NO-ISSUE: feat(preset): add NVIDIA vLLM v0.20.x/v0.22.0 presets by bongwoobak · Pull Request #134 · moreh-dev/mif

bongwoobak · 2026-06-15T13:05:16Z

What

Add InferenceServiceTemplate Helm presets that were missing from this repo, under templates/presets/vllm/.

v0.22.0 (7) — current-generation presets
v0.20.1 / v0.20.2 (6) — the preceding generation (rollback references)

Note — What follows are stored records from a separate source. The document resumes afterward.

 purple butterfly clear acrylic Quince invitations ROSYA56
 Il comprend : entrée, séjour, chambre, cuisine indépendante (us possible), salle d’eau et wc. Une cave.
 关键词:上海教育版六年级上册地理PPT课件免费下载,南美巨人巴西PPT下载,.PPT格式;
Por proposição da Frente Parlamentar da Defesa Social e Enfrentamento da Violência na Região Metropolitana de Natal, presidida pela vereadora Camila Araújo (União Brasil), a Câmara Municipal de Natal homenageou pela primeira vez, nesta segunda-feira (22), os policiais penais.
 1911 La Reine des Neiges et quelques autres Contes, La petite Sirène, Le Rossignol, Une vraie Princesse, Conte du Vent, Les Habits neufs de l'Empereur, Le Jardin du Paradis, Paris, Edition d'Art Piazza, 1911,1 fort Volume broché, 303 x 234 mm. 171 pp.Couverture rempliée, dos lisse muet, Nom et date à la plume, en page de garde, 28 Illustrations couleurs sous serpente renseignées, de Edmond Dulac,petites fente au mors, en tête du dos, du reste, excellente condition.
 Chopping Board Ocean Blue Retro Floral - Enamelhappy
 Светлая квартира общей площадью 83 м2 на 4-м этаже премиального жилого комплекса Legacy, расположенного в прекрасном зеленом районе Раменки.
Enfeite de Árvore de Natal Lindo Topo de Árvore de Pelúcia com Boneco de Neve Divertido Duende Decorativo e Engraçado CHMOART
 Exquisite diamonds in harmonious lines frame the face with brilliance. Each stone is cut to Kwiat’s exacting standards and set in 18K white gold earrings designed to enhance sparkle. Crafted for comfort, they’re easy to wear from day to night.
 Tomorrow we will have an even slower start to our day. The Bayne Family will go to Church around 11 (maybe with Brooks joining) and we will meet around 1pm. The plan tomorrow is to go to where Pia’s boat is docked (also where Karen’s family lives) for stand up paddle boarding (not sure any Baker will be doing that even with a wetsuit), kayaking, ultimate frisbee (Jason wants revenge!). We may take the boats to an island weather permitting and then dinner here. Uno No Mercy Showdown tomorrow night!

Version	Preset	Parallelism
v0.22.0	`deepseek-ai-deepseek-v4-flash-mtp-…-h200-sxm-tp8-moe-ep8`	tp8 + EP
v0.22.0	`deepseek-ai-deepseek-v4-pro-mtp-…-h200-sxm-tp8-moe-ep8`	tp8 + EP
v0.22.0	`google-gemma-4-31b-it-…-l40s-tp4`	tp4
v0.22.0	`zai-org-glm-5.1-fp8-mtp-…-b300-tp8-moe-tp8`	tp8
v0.22.0	`openai-gpt-oss-120b-…-h100-nvl-tp4`	tp4
v0.22.0	`moonshotai-kimi-k2.6-…-b300-tp8`	tp8
v0.22.0	`qwen-qwen3.6-27b-mtp-…-l40s-tp4`	tp4
v0.20.2	deepseek-v4-flash/pro × {`dp8-moe-ep8`, `tp8-moe-ep8`}	DP/TP + EP
v0.20.2	`qwen-qwen3.6-27b-mtp-…-l40s-tp4`	tp4
v0.20.1	`moonshotai-kimi-k2.6-…-b300-tp8`	tp8

Normalization (generality + spec-matching names)

These templates deviated from repo conventions. Normalized before committing:

Expert parallelism via spec.parallelism.expert, not hardcoded --enable-expert-parallel in ISVC_EXTRA_ARGS — the vllm runtime base assembles the flag. The DeepSeek-V4 single-engine variants are therefore named tp8-moe-ep8 so the name reflects the real topology. (Behavior-preserving: same final vLLM command.)
-mtp suffix + mif.moreh.io/model.mtp: "true" on MTP presets (DeepSeek-V4, GLM-5.1, Qwen3.6-27B). Eagle3 presets (GPT-OSS, Kimi) intentionally have no -mtp.
nodeSelector retained (moai.moreh.io/accelerator.{vendor,model}) to match existing presets and keep scheduling deterministic, per deploy/helm/AGENTS.md.
Dropped ISVC_USE_KV_EVENTS (Heimdall inferencePool coupling) and --no-enable-prefix-caching (a user-level knob per AGENTS.md; no other gpt-oss preset hardcodes it), so presets render standalone. Users opt in at the InferenceService.

⚠️ Note for reviewers

Because names were normalized, these repo presets do not match the previously-deployed IST names (e.g. …-deepseek-v4-pro-nvidia-h200-sxm-tp8 ↔ repo …-deepseek-v4-pro-mtp-nvidia-h200-sxm-tp8-moe-ep8). Adopting these as the source of truth requires a follow-up to update the InferenceService templateRefs (and re-apply) — out of scope for this PR.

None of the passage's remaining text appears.